The presence of toxic metals in soil per se, and in soil impacted human activities is a major concern for both human health and ecotoxicology (Ranville 2005). Exposure to arsenic and heavy metals is associated with various types of cancer, but there is far less information on the health effects of low-dose chronic exposure to many trace metals (Naujokas et al. 2013) (Centeno et al. 2013). Studies on the health effects of metals in topsoil belong to this latter category.

Data drawn from geochemical soil studies tend to be recorded in milligram per kilogram or parts per million (ppm) and have been called compositional data (Aitchison 1994) or closed number systems (Reimann et al. 2011). Data of this type are characterised by vectors whose components are the part of a whole and are not therefore independent (e.g. their sum is a constant). For instance, in geochemical soil studies, this could induce negative correlations or no correlations in variables one would logically expect to be positively correlated. The usual approach in the compositional analysis is to remove the closure effects in data points, using different transformations, (viz, logratio analysis) (Aitchison 1982) based on relative magnitudes. Because the absolute magnitudes of compositional variables are ratios to a common sum, Aitchison proposed to use relative magnitudes by calculating the ratio of each compositional variable compared to a single variable that functions as a constant divisor (Xie et al. 2003). Multivariate analysis is applied to logratios instead of the original data.

In this context, the aim of this study was to assess the possible association between heavy metal and metalloid levels in topsoil and mortality due to 27 different tumour types in 7917 Spanish mainland towns, with the resulting spatial relative risk (RR) estimates being adjusted for sociodemographic variables as possible confounders.

Material and methods

Mortality data and soil sampling and metal analysis

A detailed description of the data of mortality and taken soil samples can be found in a previously published study (Nuñez et al. 2016). Briefly, mortality data (observed and expected cases) for each of the 8077 (7917 mainland) Spanish towns were drawn from the records of the National Statistics Institute (NSI) for the study period (1999–2008) and computed for 27 types of malignant tumours (see Supplementary data, Table S1) with a total of 861,440 deaths due to the tumours analysed. Across the period June 2008–November 2010, a total of 21,187 residual soil samples (13,505 from the surface horizon and 7682 from the deeper horizon) were collected at a total of 13,505 sampling points (13,317 in mainland Spain and 188 on the Canary and Balearic islands). Residual soil is a soil belonging to the geological substratum and therefore not transported. The residual soil samples were analysed by instrumental inductively coupled plasma mass spectrometry (ICP-MS). The elements included in this analysis were Al, As, Cd, Cr, Cu, Fe, Mn, Ni, Pb and Zn. A detailed description of the sample-collection and the chemical-analysis techniques used can be found in the Geochemical Atlas of Spain (Locutura et al. 2012). All the laboratory determinations were performed at Activation Laboratories Ltd., (Actlabs, Ontario).

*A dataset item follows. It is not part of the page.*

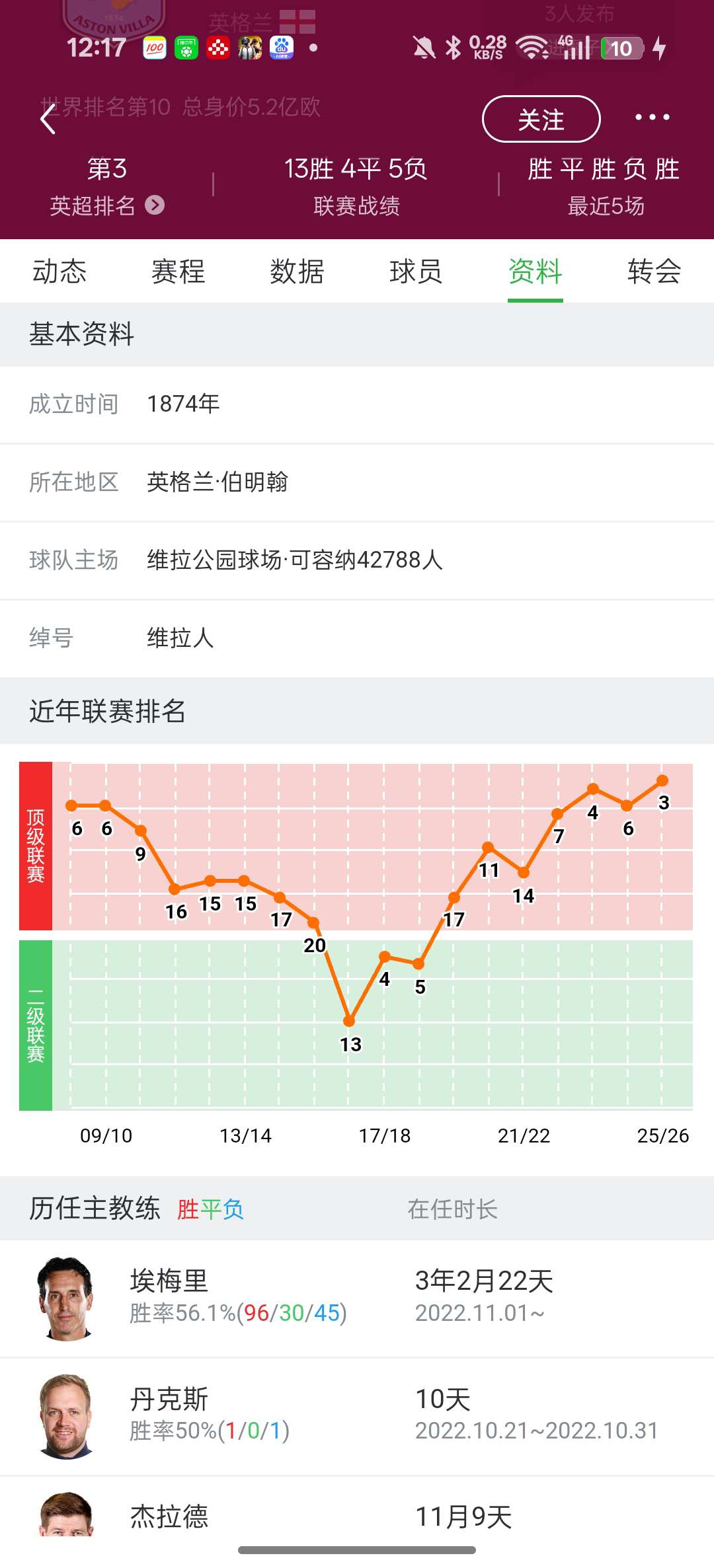 本赛季,从投入产出比来看,没有任何主教练比埃梅里表现更好。在他执教的三年里,他不仅证明了自己有能力打破“六巨头”的统治,还能确保维拉留在前六。

Cancer mortality data are aggregated at a town area level, while the data concentrations of metals in the soil are measures taken at sampling locations across the country. In order to obtain a representative value of this concentration at the town area level, an interpolation method (ordinary kriging) for the town’s centroid was used (Ribeiro and Diggle 2001) (Diggle and Ribeiro 2006).

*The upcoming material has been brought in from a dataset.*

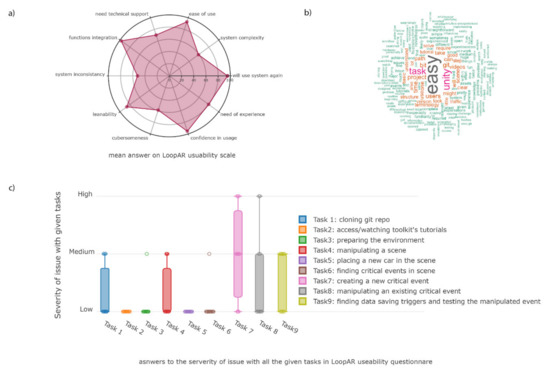 Visualization of the usability report items: (a) a radar plot of the system usability scale data; (b) a word cloud showing most frequently used words in the comments; and (c) a severity of issue bar plot, related to the tasks in the usability report. Low equals no delay in time or perceived obstacles, medium refers to a completed task with added effort. High indicates noticeable delay or frustration and that the participant may not be able to complete the task.

Topsoil data transformations

For compositional data, the sum of all concentrations of the elements in each sample is almost constant or at least restricted. Then to avoid spurious correlation, the soil composition estimated at each town were transformed by centred logratio transformation (clr-transformation). The clr-transformation (Filzmoser et al. 2010) (Aitchison 1982) (Aitchison 2003) results in a multivariate observation y = (y 1, ... y D), and is defined as:

$$ y=\left(\mathit{\log}\frac{x_1}{\sqrt{\prod_{i=1}^D{x}_i}}\dots, \mathit{\log}\frac{x_D}{\sqrt{\prod_{i=1}^D{x}_i}}\right) $$

Each value of a variable for each point was divided by the geometric mean of all variables for that point, and the logarithms then obtained (Reimann et al. 2011).

Reduction of dimensions (factorial analysis)

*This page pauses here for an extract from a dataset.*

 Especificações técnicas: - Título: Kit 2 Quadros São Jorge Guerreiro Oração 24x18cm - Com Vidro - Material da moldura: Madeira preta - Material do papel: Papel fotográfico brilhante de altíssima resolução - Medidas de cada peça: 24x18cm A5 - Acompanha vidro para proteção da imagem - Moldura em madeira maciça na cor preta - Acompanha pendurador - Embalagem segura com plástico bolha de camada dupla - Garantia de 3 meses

A direct consequence of the previous transformation is emerging collinearity (e.g. cadmium occurs mainly in ores with zinc and to lesser degree with lead and copper). Moreover, clr-transformation produces variables whose correlation matrix is singular. It is therefore difficult to conduct a regression analysis with such explanatory variables.

In order to avoid this problem, a factorial analysis was conducted to obtain independent latent factors for the clr-transformed variables (Filzmoser et al. 2010). This type of analysis provides information about the internal structure of the geochemical data, reduces data dimensionality to a few representative factors and thus seeks to summarise the multivariate information in a compact form. We performed this analysis by using robust principal factor analysis (PFA), in which 4 factors obtain a cumulative variance of over 75%. For statistical analysis purposes, the factor scores for each point were extracted after rotation by the varimax method.

Statistical analysis

The association between metal concentrations in soil and cancer mortality was assessed in an ecological regression, where the response was the number of observed deaths from cancer, with expected cases as offset, and the exposure covariate were the factor scores obtained from the kriging estimate of the metal concentration in the municipal-centroid area.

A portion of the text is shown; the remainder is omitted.